Bengali Spinach Dal
One of Monsoon Coast founder’s favourite dals, great with rice or with chapatis to scoop.
⅔ cup desiccated unsweetened coconut
1 TBL vegetable oil
2 TBL butter
2 TBL Bengali Panch Phoron
2 medium onions, chopped
6-8 cloves garlic, minced
2 TBL ginger, minced
1 TBL turmeric
7 cups stock water
3 cups red lentils, rinsed well and drained
2 cups russet potatoes, cut into small cubes
2 TBL Delhi Chat Masala or Punjabi Garam Masala
2 bunches spinach, washed and coarsely chopped
Salt to taste
Chopped cilantro for garnish
1 – Toast coconut in a small dry pan over low heat and reserve for garnish.

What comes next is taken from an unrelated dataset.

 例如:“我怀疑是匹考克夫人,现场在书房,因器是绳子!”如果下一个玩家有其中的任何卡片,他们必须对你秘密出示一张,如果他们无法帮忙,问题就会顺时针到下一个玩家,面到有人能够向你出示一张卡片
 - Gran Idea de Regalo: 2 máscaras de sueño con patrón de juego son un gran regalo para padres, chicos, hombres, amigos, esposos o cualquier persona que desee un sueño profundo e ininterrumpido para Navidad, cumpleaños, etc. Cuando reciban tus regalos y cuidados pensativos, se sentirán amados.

2 – Heat oil and butter in a large pot over medium heat.
3 – When the butter stops foaming, add the Bengali Panch Phoron and sauté until the seeds to start to pop a bit.
4 – Add the onions and sauté until they start to brown, about 10 minutes.

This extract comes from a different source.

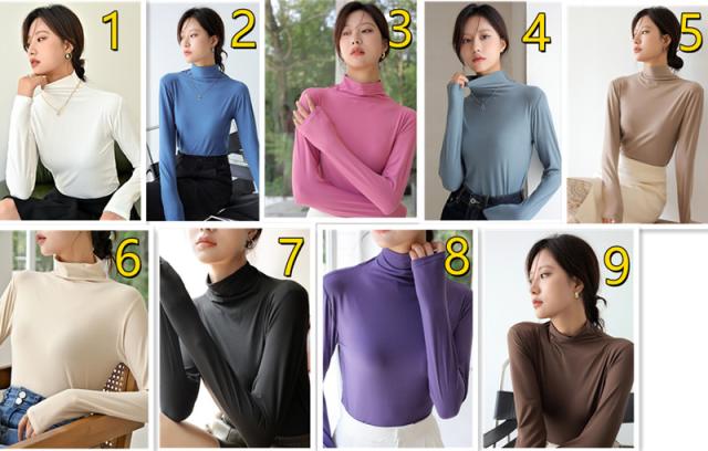 全9色!tシャツ カットソー レディース ハイネックカットソー ハイネックtシャツ 無地tシャツ 長袖 インナー トップス ハーフハイネック 秋冬 シンプル 伸縮性 ストレッチ

5 – Add the garlic, ginger and turmeric. Cook for 1 minute.
6 – Add stock or water and lentils, bring to a simmer, stirring constantly to prevent the lentils from sticking.
7 – Add the potatoes and simmer until the lentils break down, adding more water if necessary.
8 – Add Delhi Chat Masala or Punjabi Garam Masala and spinach, stirring for a few minutes until the spinach melts.
9 – Taste and add salt as required. (Note Delhi Chat Masala contains black salt so if you are using it you may not need to add more salt.)
10 – Serve garnished with toasted coconut and chopped cilantro.